2. Azure Databricks - one stop shop to run our program code; transform data; interact with other Azure services to deliver a complete end to end solution.
3. Azure SQL DB - used as a metadata store where Databricks writes information like job start/end time; file name that is being processed etc.
4. Azure Cosmos DB - store output of Azure Cognitive Services in case PII is detected.

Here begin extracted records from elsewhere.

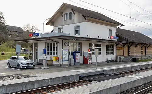 Eschenz railway station (German: Bahnhof Eschenz) is a railway station in Eschenz, in the Swiss canton of Thurgau. It is an intermediate stop on the Lake line and is served as a request stop by local trains only.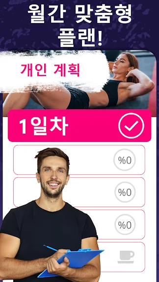 규칙적인 운동으로 주요 근육을 단련해 멋진 몸매를 만들어보세요. 헬스장 또는 값비싼 피트니스 트레이너가 필요 없습니다. 집에서 하는 간단한 운동으로 체중을 감량하세요!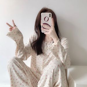 韩系睡衣女甜美风碎花2025新款春秋宿舍简约风长袖长裤家居服套装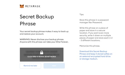 Once the extension is installed, you’ll be prompted to sign in to an existing account or create a new wallet. If you’re starting a new account, you’ll be asked to generate a password for your account. Then you’ll be given a unique 12-word Secret Recovery Phrase — this phrase serves as a master password that can access MetaMask and subsequent accounts. MetaMask recommends a few ways to keep your Secret Recovery Phrase safe, including storing it in a secure password manager, writing it down in multiple secret places, or keeping a printed copy in a safety deposit box (act accordingly based on how much you have invested in your wallet).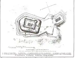 The original stronghold from the Middle Ages had a rectangular shape and had two four-sided corner towers. The rectangular inner courtyard was closed-off from the northwest side of the castle by a living quarters. In the 18th century, after the castle was rebuilt, cannon bastions were located in the corners of the castle, and a drawbridge led to the main gate. In 1770, the Bar Confederation repaired and fortified the castle. With the help of French engineers, external earth fortifications were built including a tick-shaped fort.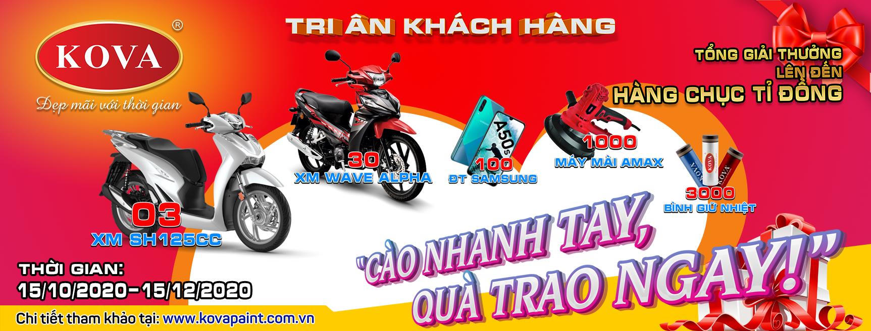 Thay lời cảm ơn chân thành tới khách hàng đã tín nhiệm và tin dùng các sản phẩm sơn và chống thấm KOVA trong suốt thời gian qua, Công ty TNHH Sơn KOVA tổ chức chương trình “Tri ân khách hàng năm 2020” với nhiều phần quà hấp dẫn áp dụng từ ngày 15/10/2020 đến hết ngày 15/12/2020.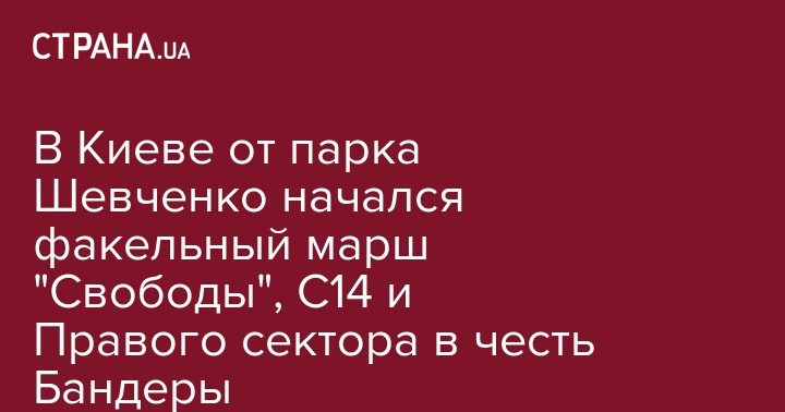 В Киеве начался марш представителей ВО "Свобода", представителей С14, Правого сектора и других радикалов в честь 110-летия одного из руководителя ОУН Степана Бандеры. Об этом передает корреспондент "Страны".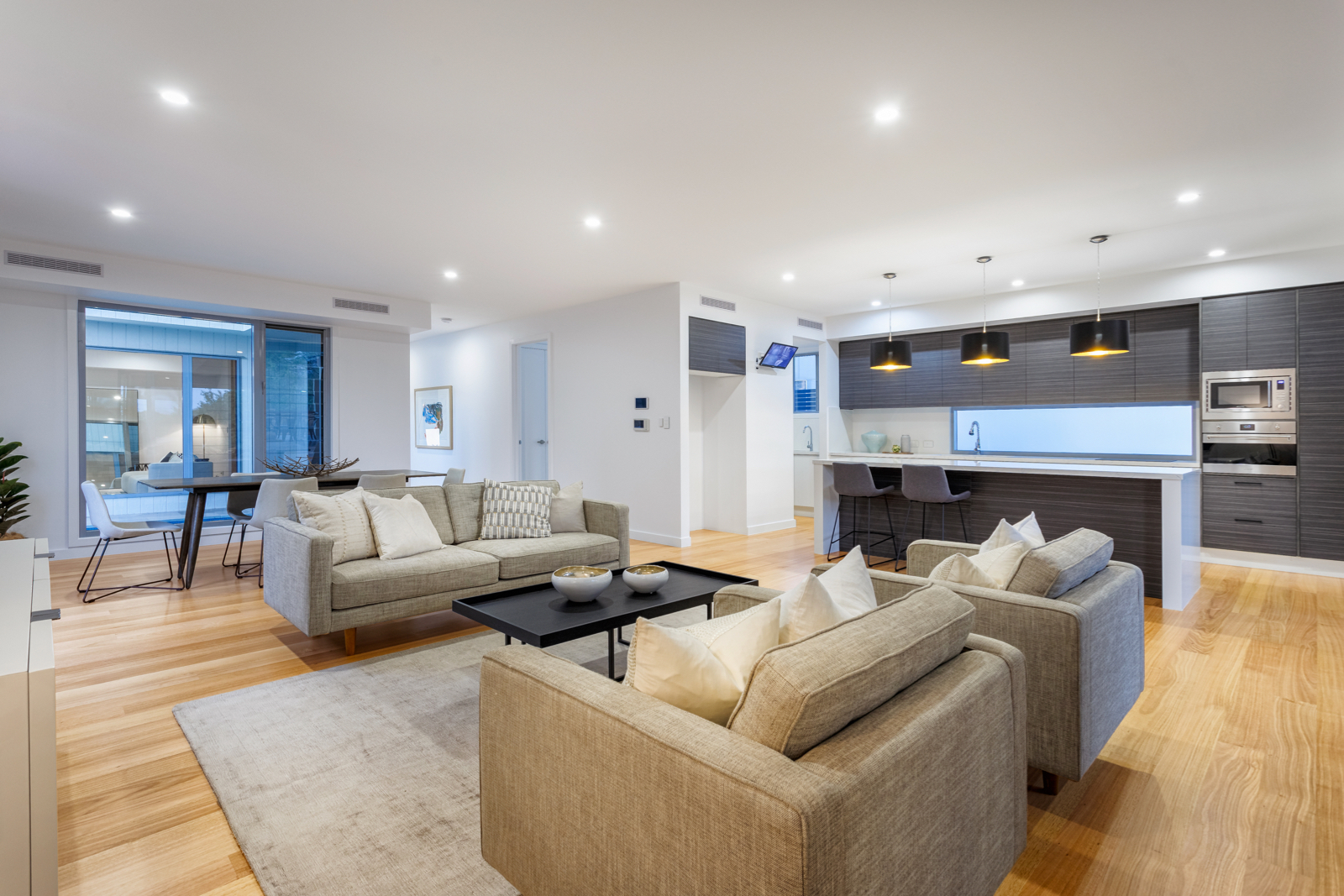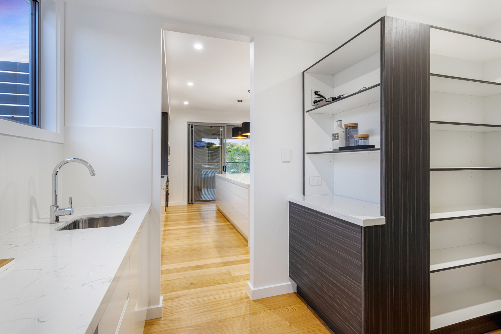The ground floor seamlessly transitions from a state-of-the-art gourmet kitchen, with an amazing butler's pantry providing a fabulous preparation area for entertaining and hosts a faultless fit out and comprehensive storage, taking you out to the living and dining room onto a private under cover patio overlooking the fully fenced back yard.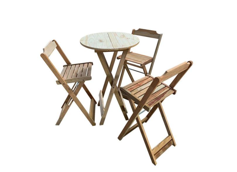 O menor preço encontrado no Brasil para Conjunto De Mesa Bistrô Dobrável Em Madeira Padrão Com 3 Banquetas Altas - Crua - Marrom atualmente é R$ 437,69.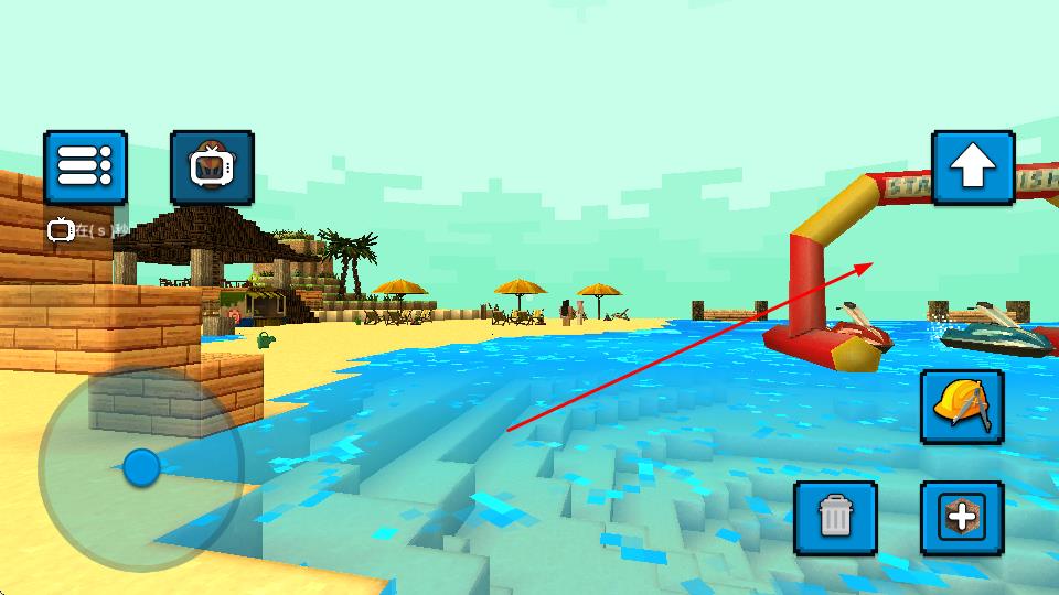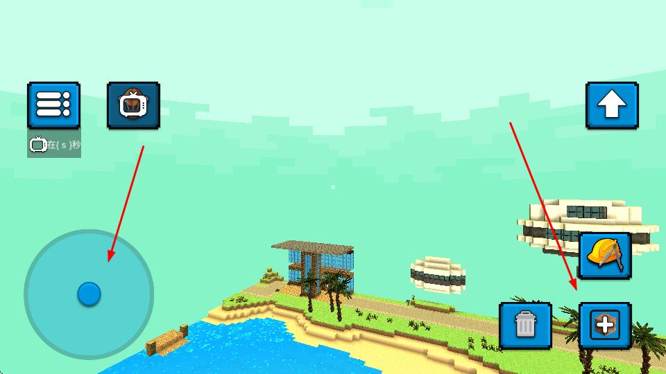 2、操控左側(cè)虛擬搖桿移動角色,點擊右側(cè)工具按鈕,可使用工具進行建造、破壞等操作。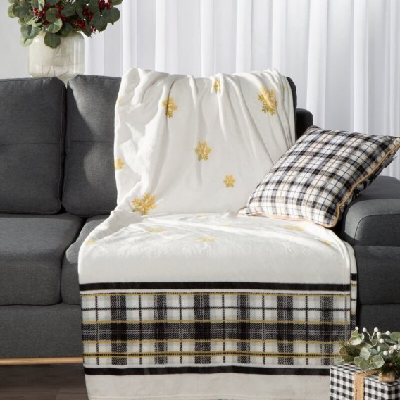 Koc z drukowanym wzorem świątecznym kolor: biały, Gramatura: 210 GSM GSM, Skład: 100% poliester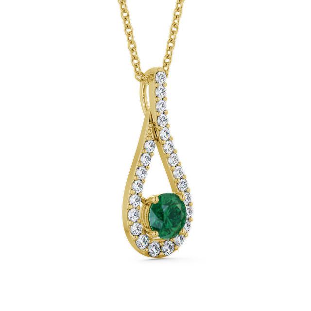 Deanna drop style emerald and diamond 1.30ct pendant in a 18K Yellow Gold setting. This exquisite pendant exhibits a dainty drop design lit by a round emerald at the core of shimmering diamonds encrusted loop. emerald weighs 0.80 Carat and diamonds weighs 0.50 Carat in total. The pendant is available in a range of metal and chain options with AAA grade gemstone. We offer a free design service for any customised changes that you may require.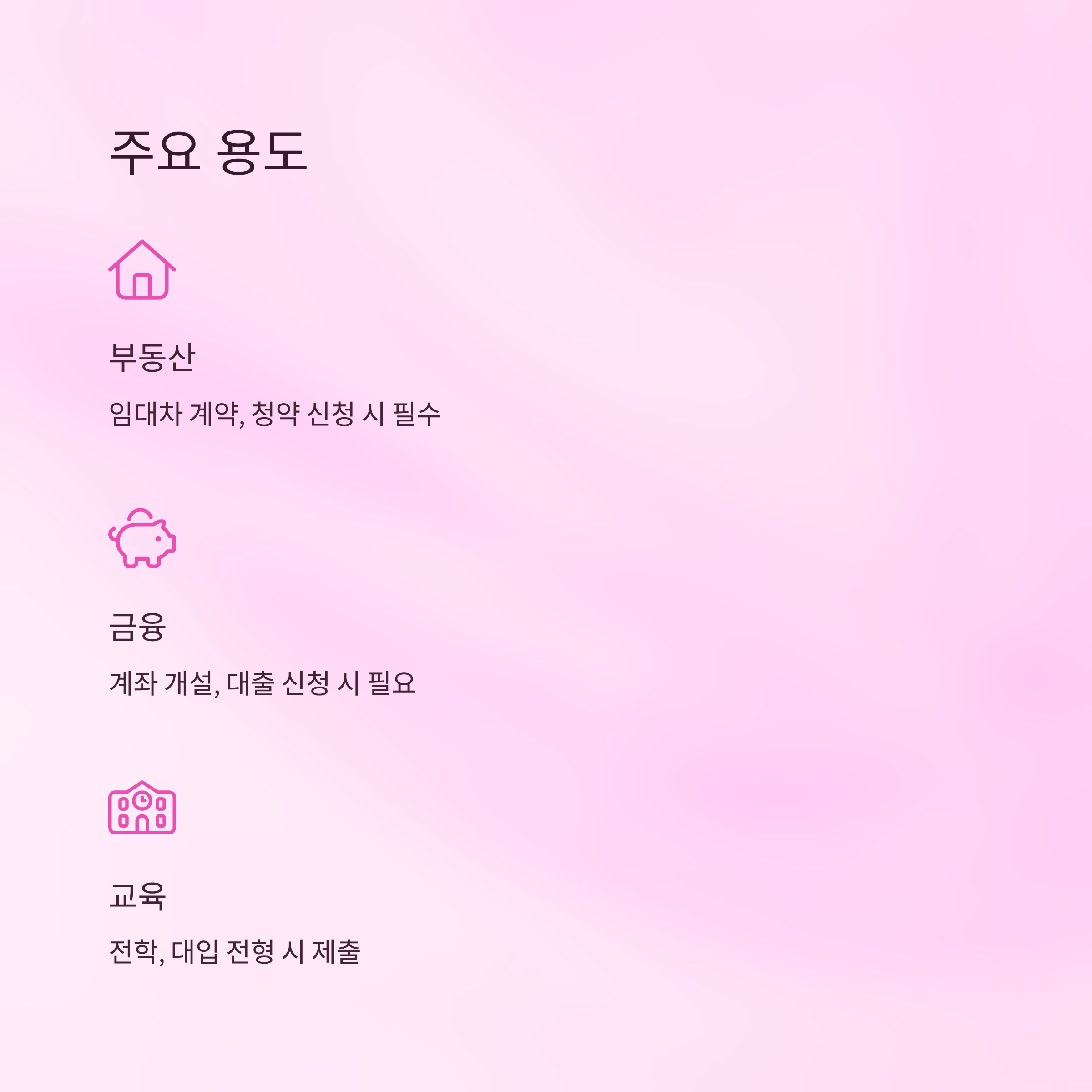 뿐만 아니라, 금융기관에서는 계좌 개설, 대출 신청, 신용카드 발급 등 신분과 거주지를 함께 확인하는 절차에서 꼭 요구해요. 병원에서 장기요양 신청을 하거나 요양병원 입원 시에도 가족관계와 주소지 증명이 동시에 필요한 경우가 많기 때문에 자주 쓰인답니다.
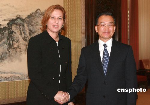 十月三十日,中國國務(wù)院總理溫家寶在北京中南海紫光閣會(huì)見以色列第一副總理兼外交部長(zhǎng)齊皮·利夫尼。中新社發(fā) 廖文靜 攝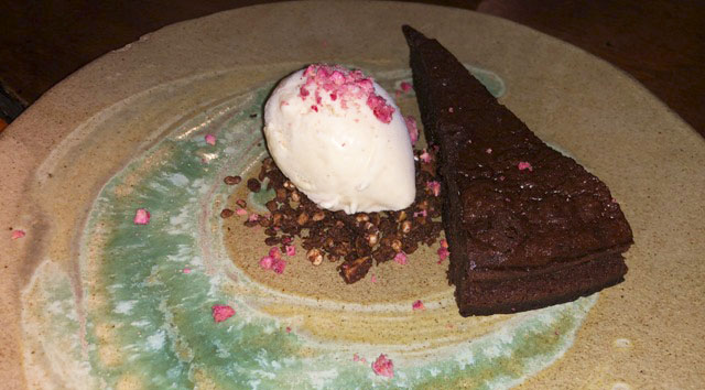 El otro fue un pastel llamado Akaneya yatsuhashi , combina un cremoso tibio de chocolate con una bola de helado.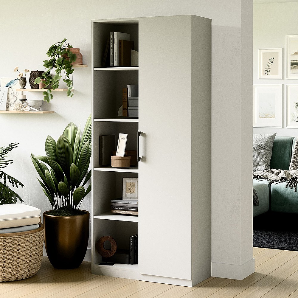 Libreria moderna 80x182x30 cm con vani a giorno e anta bianco LBT8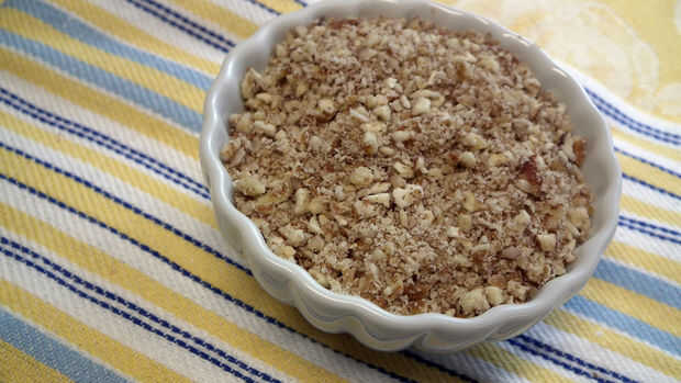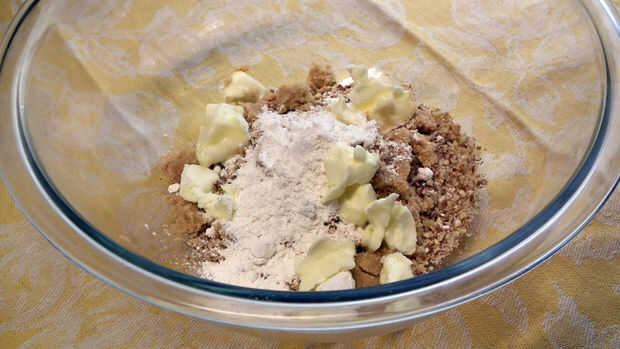 1. En un tazón grande, combinar la harina, la azúcar, la mantequilla fría y nueces.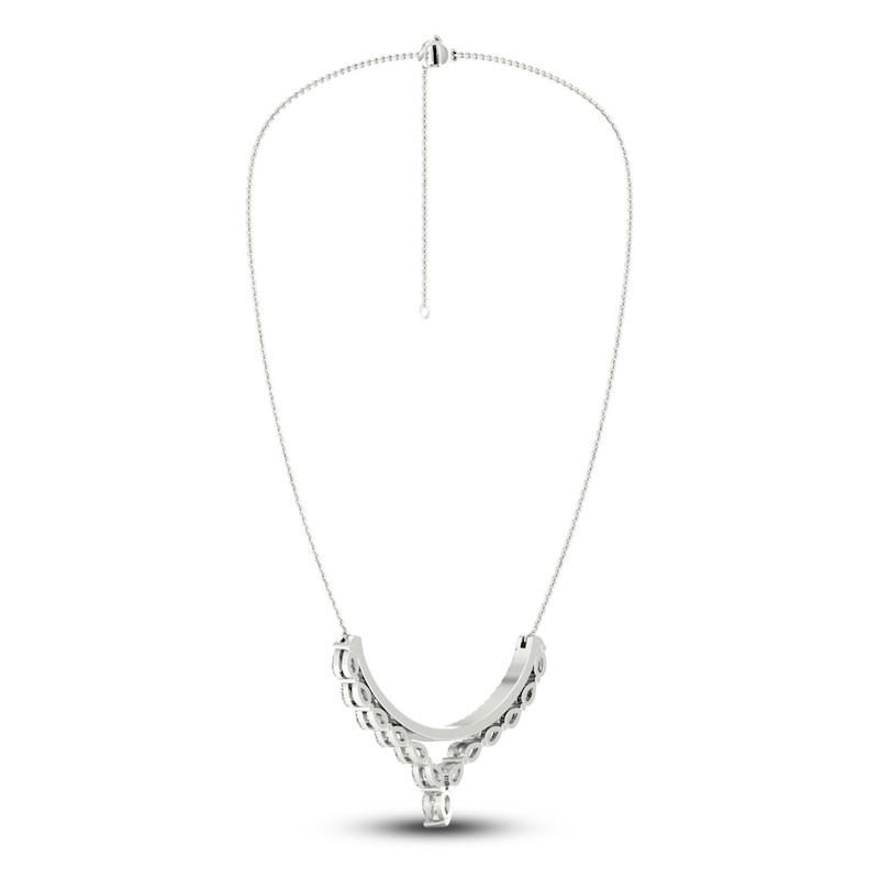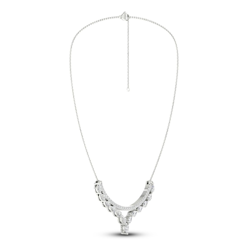 Diamond Double Row V Necklace 2 ct tw Pear & Round-cut White Gold Plated

Where no PII is detected, the output is ignored. 
5. Azure Cognitive Services / Text Analytics API -  (Named Entity Recognition) is used for detecting PII.
</br>




**To run this notebook in your subscription, please replace text in <> with your account keys/credentials. **

<h4> Install Python packages required for this notebook </h4>


Install packages for Python required to run this notebook. 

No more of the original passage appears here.